Mathematical Finance & Financial Data Science Seminar
Learning Hidden Markov Models by Penalizing Jumps
Speaker: Peter Nystrup, Postdoctoral Fellow, Lund University & Visiting Researcher at NYU Courant
Location: 60 Fifth Avenue Room 527
Date: Wednesday, October 23, 2019, 3:30 p.m.
Synopsis:
Hidden Markov models are a popular choice for inferring the hidden state of financial markets. When a hidden Markov model is misspecified or misestimated, it often leads to unrealistically rapid switching dynamics. In many applications, however, the model is only useful if the underlying state sequence has a certain level of persistence. We propose a novel estimation approach based on clustering temporal features while penalizing jumps. We compare the approach to spectral clustering and the standard approach of maximizing the likelihood function in an extensive simulation study and an application of financial data. The advantages of the proposed jump estimator include that it learns the hidden state sequence and model parameters simultaneously and faster while providing control over the transition rate, it is less sensitive to initialization, it performs better when the number of states increases, and it is robust to misspecified conditional distributions. The value of estimating the true persistence of the state process is illustrated through a simple trading strategy where improved estimates result in much lower transaction costs.
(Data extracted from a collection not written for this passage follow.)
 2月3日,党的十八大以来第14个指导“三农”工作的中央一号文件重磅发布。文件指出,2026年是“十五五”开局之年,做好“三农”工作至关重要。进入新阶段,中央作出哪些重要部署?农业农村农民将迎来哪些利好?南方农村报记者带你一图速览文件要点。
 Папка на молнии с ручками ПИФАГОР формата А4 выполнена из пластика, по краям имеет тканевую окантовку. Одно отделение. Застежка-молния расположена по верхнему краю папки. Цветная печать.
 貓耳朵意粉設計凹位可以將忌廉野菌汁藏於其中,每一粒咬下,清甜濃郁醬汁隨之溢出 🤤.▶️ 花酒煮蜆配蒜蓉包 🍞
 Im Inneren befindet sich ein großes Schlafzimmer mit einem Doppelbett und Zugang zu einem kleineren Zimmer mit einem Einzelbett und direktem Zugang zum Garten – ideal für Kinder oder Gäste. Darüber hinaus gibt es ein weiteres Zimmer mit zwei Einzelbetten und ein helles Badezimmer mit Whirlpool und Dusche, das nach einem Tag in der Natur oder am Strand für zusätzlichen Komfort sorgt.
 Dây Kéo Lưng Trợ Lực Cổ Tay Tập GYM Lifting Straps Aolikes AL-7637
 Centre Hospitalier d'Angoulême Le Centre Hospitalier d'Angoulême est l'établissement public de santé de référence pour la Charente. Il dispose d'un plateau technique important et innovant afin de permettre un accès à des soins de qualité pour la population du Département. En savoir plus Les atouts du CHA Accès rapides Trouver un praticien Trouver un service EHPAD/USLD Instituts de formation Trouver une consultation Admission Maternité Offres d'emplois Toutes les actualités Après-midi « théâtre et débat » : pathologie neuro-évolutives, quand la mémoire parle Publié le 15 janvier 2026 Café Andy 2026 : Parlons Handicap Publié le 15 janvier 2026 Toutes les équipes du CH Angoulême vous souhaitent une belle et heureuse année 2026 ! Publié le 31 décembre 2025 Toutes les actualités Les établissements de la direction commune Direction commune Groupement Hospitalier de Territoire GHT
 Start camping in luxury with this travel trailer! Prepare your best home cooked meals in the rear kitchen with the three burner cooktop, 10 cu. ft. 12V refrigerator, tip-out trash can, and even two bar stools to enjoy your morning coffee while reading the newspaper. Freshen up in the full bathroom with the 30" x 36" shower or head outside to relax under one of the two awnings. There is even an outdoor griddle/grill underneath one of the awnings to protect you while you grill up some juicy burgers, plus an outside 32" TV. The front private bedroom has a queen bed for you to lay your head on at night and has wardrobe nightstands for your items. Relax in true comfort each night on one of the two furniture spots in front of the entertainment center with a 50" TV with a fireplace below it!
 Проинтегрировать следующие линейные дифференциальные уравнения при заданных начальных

Important: Non-NYU attendees need to email Daisy Calderon, mojar@cims.nyu.edu, by October 22 to be added to the guest list in order to get access to the building. Room size is limited and seats are available on a first-come first-serve basis.
Peter Nystrup is a Postdoctoral Fellow in the Division of Mathematical Statistics at Lund University in Sweden and in the Department of Applied Mathematics and Computer Science at the Technical University of Denmark. He is also the Head of Research at startup quant hedge fund Annox and currently a Visiting Postdoc at NYU Courant. He has previously been a Visiting Researcher at Stanford University and has worked in equity sales at Nordea Markets, in the investment department at Danish pension fund Sampension, and as an external consultant on advanced analytics at the energy company Ørsted.
Dr. Nystrup earned his B.Sc. in Engineering degree in Mathematics and Technology from the Technical University of Denmark (DTU) in 2012, followed by a M.Sc. (Hons.) in Engineering degree in Mathematical Modeling and Computation in 2014. In 2018, he was awarded the Ph.D. degree in Engineering from DTU upon completion of a research project on dynamic asset allocation and identification of regime shifts in financial time series. His research has been published in leading journals covering topics from quantitative finance and portfolio management to forecasting, optimization, and operations research.